Kagge, gerek kutup dairelerinde yürürken gerek Everest Dağı’na tırmanırken işi kolaylaştıran teknik yardım imkânlarını bir kenara bırakıp acı çektiğini ve pek çok zahmete katlandığını not ediyor. Başka bir deyişle yüzeysellik yerine derinliği seçiyor; konforunu en aza indirip yaşamı ve dünyanın sunduklarını hissetmeye yöneliyor. Yürüyerek küçük şeylerden keyif almayı ve sıradan zevklerin tadını çıkarmayı öğreniyor. Başkalarına bağlı olmamanın, geçmiş ve geleceği önemsiz kılmanın güzelliğinin ayırdına varırken zihninde endişeler uyanınca "oturarak geçen hayat somutluğunu kaybeder" diyor.
Kagge için yürümenin sıkıntılardan kurtulma gibi pragmatik bir tarafı var. Sadece bu değil elbette; yazar, anlattığı hikayelerle ve yaşadıklarından hareketle yürümenin, insanı yol ayrımlarıyla karşılaştırdığını, dünyadan uzaklaşmasını sağlayarak huzurlu kıldığını ya da zihnini çalıştırarak sorunların ortasına atabildiğini de söylüyor.

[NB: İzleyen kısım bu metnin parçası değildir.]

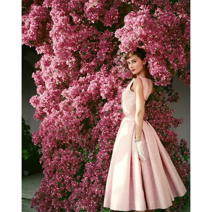 About this piece: Audrey Hepburn smiles at Villa Rolli, a farmhouse in the Alban Hills of Cecchina, Italy, during the filming of King Vidor’s War and Peace on June 23, 1955.  Photographed for Glamour magazine, the actress wears a stunning Givenchy afternoon cocktail dress from his Spring/Summer 1955 collection.

Kagge’ye göre yürüyüş, çıkış ve varış noktalarının ötesinde bir süreç. Ne kadar mesafe kat edildiği ya da kaldığı değil, yürüyüşün kendisi ve yürürken düşündüklerimiz önemli. 'Yürümek Adım Adım' da Kagge’nin bu düşünme sürecinin bir ürünü; yürüyüş üzerine bir düşünme kitabı. Başka bir deyişle yazarın, "hedefe varsanız da ertesi gün yürümeye devam edersiniz; yürüyüş bir ömür sürebilir" dediği, yürümenin felsefesine dair metinler bütünü.